Por desgracia sucedió entonces que uno de sus maestros manifestó la pretensión de saber algo concreto acerca del sentido de la vista. Pronunció discursos, agitó cuanto pudo, ganó seguidores y por último consiguió hacerse nombrar principal del gremio de los ciegos. Sentaba cátedra sobre el mundo de los colores, y desde entonces todo empezó a salir mal.

Este primer dictador de los ciegos empezó por crear un círculo restringido de consejeros, mediante lo cual se adueñó de todas las limosnas. A partir de entonces nadie pudo oponérsele, y sentenció que la indumentaria de todos los ciegos era blanca. Ellos lo creyeron y hablaban mucho de sus hermosas ropas blancas, aunque ninguno de ellos las llevaba de tal color. De modo que el mundo se burlaba de ellos, por lo que se quejaron al dictador. Éste los recibió de muy mal talante, los trató de innovadores, de libertinos y de rebeldes que adoptaban las necias opiniones de las gentes que tenían vista. Eran rebeldes porque, caso inaudito, se atrevían a dudar de la infalibilidad de su jefe. Esta cuestión suscitó la aparición de dos partidos.

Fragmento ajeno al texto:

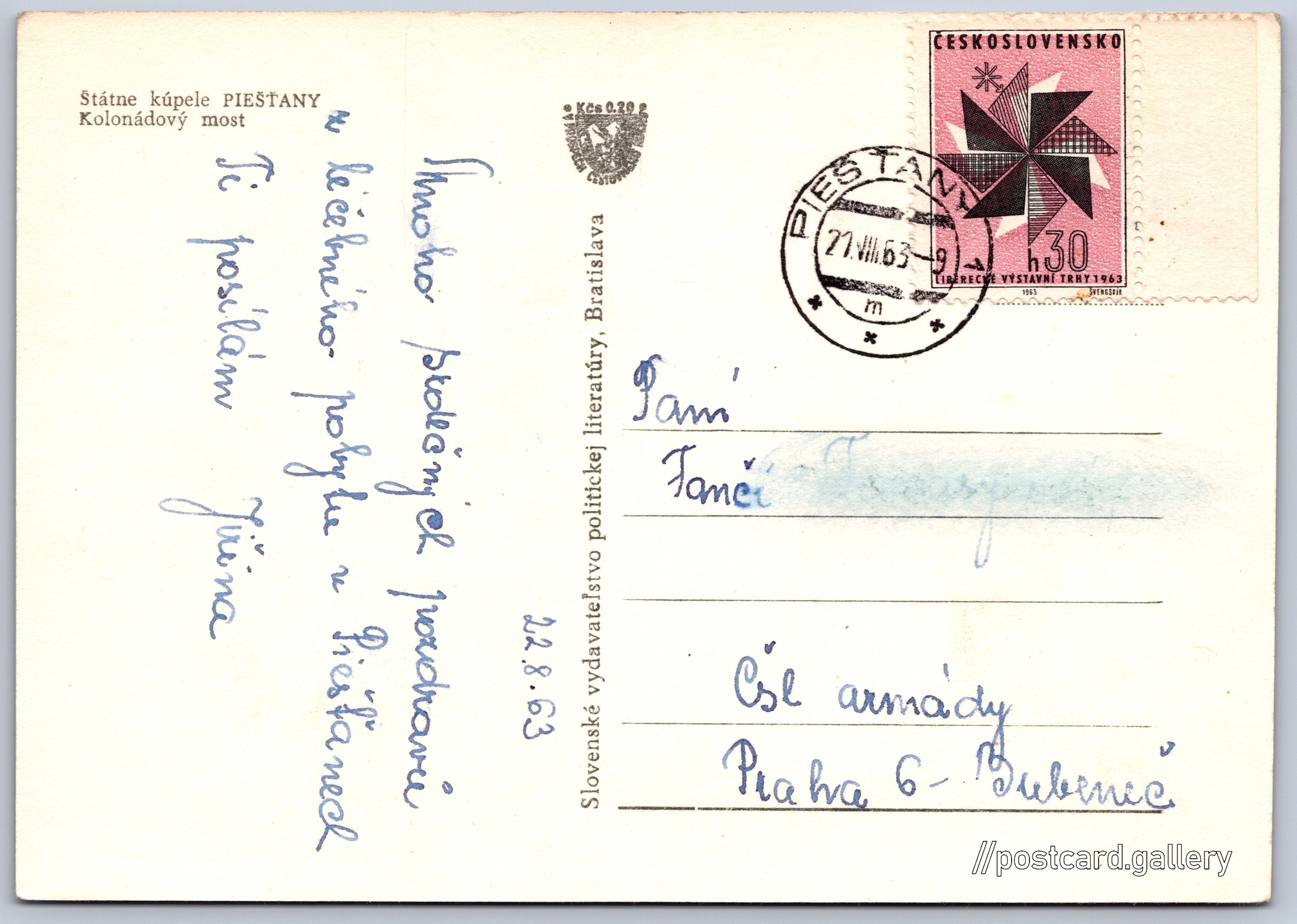Datum napsání pohledu: 22.8.1963
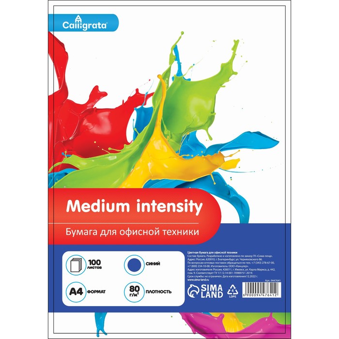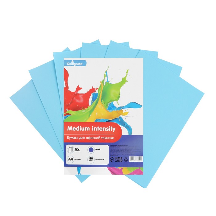 Бумага цветная А4 100л Calligrata, умеренный интенсив голубой 80 г/м2 — Характеристики

Para sosegar los ánimos, el sumo príncipe de los ciegos lanzó un nuevo edicto, que declaraba que la vestimenta de los ciegos era roja. Pero esto tampoco resultó cierto; ningún ciego llevaba prendas de color rojo. Las mofas arreciaron y la comunidad de los ciegos estaba cada vez más quejosa. El jefe montó en cólera, y los demás también. La batalla duró largo tiempo y no hubo paz hasta que los ciegos tomaron la decisión de suspender provisionalmente todo juicio acerca de los colores.

Un sordo que leyó este cuento admitió que el error de los ciegos había consistido en atreverse a opinar sobre colores. Por su parte, sin embargo, siguió firmemente convencido de que los sordos eran las únicas personas autorizadas a opinar en materia de música.